What if we take this historic opportunity to call ourselves out as not being the examples of Christ or of Christ-centered marriages that we should be, instead of as a chance to throw stones?

There is a lot of beauty and love pouring out from certain corners of the Christian church in response to this national shift, and for that, I am joyous. From other areas, my heart breaks to see us continue to widen the divisions inside the church as well as the chasm that sometimes exists between the church and the rest of the world. A world full of people, which we need not be reminded, were created by and bought with love by the same God.

That being said...I am first in line. I want to be challenged to love my husband more each day, to set an example of marriage for younger believers, regardless of with whom they choose to spend their life. I want the church, as our family of faith, to keep tabs on our marriage, to call us out when we falter. And most of all, I would hope Christ continues to teach me how to love better, to encourage more, and to serve in new ways. 
And those are the conversations really worth having.


  1. Especially loved what you said in the last paragraph! I agree with your points and am so glad that Adam and I had a strong spiritual foundation through our counseling over the last year. My only regret is that there is no first year married couples' mentoring program of any sort and wish we had that!!

    1. After doing diligent research and seeking on our own, Charlie and also found many great resources and people to counsel us. Unfortunately, it wasn't as widely available or encouraged as I thought it would have been, And we would love a mentoring program, too! Especially being in a new town. Maybe one day you guys will start one!

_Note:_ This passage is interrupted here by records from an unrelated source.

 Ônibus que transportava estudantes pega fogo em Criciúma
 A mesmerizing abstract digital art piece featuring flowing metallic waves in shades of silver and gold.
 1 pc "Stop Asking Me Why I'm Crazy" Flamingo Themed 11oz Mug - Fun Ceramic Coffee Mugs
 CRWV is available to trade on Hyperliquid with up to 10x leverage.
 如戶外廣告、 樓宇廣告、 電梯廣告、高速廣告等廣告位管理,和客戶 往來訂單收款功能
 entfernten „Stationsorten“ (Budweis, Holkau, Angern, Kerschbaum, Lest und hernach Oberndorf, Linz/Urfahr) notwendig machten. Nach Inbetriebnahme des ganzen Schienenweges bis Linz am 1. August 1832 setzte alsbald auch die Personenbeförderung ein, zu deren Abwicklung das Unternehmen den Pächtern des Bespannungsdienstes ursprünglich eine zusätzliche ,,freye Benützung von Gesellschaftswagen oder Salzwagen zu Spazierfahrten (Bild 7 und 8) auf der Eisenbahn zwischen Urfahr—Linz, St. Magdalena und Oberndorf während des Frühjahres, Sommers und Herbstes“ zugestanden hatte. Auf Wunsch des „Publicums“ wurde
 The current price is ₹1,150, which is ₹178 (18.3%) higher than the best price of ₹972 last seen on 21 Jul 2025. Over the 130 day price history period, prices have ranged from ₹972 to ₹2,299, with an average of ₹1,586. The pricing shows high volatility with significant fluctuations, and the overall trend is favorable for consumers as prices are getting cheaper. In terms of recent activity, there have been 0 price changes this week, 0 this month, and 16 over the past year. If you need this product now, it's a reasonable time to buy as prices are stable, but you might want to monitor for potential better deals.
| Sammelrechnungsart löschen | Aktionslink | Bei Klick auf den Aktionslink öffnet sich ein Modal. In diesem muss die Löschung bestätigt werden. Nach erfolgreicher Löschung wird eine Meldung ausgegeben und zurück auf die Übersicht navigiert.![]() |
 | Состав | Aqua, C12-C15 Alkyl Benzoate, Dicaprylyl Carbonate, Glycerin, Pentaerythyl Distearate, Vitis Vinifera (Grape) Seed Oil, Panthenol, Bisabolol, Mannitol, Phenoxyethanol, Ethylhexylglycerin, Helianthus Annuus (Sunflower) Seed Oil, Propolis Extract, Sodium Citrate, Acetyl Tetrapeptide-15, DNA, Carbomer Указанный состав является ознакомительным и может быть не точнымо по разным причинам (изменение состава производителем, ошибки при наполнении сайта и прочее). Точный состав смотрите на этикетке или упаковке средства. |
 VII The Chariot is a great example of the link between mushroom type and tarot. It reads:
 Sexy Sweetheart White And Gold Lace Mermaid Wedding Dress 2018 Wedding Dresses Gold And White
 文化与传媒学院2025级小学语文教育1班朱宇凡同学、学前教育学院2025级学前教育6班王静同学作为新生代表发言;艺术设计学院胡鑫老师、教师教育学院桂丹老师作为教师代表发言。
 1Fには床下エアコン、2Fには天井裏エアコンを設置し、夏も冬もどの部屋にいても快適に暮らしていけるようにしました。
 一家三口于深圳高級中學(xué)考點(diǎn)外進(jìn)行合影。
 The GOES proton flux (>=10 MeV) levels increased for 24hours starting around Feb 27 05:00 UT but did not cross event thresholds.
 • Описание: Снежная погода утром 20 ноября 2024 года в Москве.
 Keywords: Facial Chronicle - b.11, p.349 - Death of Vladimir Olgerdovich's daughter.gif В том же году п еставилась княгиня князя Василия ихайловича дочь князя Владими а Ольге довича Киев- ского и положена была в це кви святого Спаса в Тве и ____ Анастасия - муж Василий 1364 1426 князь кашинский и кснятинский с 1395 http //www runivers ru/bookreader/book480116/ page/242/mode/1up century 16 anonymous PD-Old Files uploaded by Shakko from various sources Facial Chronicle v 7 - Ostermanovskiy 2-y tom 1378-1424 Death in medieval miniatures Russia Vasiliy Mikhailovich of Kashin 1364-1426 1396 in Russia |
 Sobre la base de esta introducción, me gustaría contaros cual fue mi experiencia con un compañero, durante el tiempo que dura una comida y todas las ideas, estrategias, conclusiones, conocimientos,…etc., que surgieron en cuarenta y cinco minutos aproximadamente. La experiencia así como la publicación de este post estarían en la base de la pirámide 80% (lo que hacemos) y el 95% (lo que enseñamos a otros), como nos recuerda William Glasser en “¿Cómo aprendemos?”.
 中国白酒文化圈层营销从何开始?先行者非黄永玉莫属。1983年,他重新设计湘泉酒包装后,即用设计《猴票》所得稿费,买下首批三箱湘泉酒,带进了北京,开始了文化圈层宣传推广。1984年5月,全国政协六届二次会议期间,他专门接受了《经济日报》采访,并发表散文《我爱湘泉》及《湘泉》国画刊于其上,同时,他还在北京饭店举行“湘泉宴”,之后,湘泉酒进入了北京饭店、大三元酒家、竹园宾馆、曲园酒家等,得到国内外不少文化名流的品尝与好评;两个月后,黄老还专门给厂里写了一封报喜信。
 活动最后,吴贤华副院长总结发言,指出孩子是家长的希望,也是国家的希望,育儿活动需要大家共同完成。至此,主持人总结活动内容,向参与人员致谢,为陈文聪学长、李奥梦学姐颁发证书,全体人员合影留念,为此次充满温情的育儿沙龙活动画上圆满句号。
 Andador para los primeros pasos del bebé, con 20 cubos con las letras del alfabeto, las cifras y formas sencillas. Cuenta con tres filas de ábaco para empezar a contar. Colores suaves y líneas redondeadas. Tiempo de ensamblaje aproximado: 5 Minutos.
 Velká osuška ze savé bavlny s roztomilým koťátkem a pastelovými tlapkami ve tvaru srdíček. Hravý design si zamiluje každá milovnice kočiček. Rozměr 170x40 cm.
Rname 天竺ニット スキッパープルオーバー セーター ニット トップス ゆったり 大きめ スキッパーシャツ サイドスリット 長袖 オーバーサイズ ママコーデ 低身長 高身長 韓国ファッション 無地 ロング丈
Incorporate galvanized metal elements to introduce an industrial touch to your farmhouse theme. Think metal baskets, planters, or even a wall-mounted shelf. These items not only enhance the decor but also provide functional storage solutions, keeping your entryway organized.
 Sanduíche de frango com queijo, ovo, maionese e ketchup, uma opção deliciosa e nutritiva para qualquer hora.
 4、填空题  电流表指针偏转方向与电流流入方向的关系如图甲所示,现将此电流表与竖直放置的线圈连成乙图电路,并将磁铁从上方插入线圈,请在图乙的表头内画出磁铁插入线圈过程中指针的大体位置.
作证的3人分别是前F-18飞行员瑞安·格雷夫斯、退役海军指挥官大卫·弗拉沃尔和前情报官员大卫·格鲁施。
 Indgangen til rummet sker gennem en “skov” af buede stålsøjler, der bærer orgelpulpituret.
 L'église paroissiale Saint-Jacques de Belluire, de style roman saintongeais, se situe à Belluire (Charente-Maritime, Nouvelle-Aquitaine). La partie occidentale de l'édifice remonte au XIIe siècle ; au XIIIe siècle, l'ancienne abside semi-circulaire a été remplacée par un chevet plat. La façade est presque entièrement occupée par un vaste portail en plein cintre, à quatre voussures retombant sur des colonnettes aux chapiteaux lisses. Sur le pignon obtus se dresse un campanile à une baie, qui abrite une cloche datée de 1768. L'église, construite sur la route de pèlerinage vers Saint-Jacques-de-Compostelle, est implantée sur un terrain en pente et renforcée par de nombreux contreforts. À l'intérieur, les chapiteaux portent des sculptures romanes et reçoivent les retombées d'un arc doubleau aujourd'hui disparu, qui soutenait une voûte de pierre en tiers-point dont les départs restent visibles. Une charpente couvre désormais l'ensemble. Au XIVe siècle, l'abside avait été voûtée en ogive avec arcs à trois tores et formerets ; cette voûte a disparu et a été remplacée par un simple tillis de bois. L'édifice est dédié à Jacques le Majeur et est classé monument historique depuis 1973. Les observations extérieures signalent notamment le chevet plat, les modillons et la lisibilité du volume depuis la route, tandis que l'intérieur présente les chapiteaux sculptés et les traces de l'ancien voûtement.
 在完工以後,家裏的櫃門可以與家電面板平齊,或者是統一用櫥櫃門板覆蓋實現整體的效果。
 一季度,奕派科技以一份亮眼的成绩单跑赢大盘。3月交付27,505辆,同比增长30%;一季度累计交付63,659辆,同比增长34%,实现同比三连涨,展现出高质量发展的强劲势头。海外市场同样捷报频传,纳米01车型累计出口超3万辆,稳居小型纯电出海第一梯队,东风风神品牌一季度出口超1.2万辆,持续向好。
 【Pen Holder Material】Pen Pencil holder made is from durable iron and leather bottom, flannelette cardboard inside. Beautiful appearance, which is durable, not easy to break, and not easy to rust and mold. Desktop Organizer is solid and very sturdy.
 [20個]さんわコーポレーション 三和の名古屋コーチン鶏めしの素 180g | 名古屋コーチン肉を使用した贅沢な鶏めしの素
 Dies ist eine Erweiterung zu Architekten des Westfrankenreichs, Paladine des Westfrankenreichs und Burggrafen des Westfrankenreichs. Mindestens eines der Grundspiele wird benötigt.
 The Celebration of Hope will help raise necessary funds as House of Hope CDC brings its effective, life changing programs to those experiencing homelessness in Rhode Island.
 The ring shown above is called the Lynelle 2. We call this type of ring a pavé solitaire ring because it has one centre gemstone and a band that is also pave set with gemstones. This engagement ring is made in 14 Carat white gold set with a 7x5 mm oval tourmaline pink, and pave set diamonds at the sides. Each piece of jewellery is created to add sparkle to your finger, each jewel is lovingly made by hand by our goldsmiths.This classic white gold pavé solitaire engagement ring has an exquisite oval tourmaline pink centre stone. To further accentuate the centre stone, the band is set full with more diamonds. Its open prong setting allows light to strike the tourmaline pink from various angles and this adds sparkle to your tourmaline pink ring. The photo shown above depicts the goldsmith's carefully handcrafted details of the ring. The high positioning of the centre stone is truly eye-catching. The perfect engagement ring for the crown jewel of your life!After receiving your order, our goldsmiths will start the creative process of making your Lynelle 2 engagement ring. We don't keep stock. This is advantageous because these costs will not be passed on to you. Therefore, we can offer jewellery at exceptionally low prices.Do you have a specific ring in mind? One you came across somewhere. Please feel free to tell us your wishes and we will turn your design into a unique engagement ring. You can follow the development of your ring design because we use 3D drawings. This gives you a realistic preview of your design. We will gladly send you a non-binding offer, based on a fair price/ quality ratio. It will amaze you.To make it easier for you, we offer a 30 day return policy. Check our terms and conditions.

  2. Great post! I completely agree in what you have said...and the wedding industry has definitely become quite a business. Marriage is really the last thing that so many are focused on and I think due to the hype of all the wedding planning...the marriage falls short and so many end in divorce. I work in the wedding industry 4 years spent at Kleinfeld Bridal (Say Yes to the Dress) and now I work at a local salon still as a bridal consultant. It definitely amazes me from what I have seen over the years working with so many brides. Really great post...marriage has definitely lost its sacred meaning.

    1. Thanks, Deb! I worked as an Event Coordinator at a wedding venue for a year and saw enough for me during that time. It's such a beautiful time that it's sad that brides focus on the wrong things, they're only cheating themselves out of really enjoying the part that matters.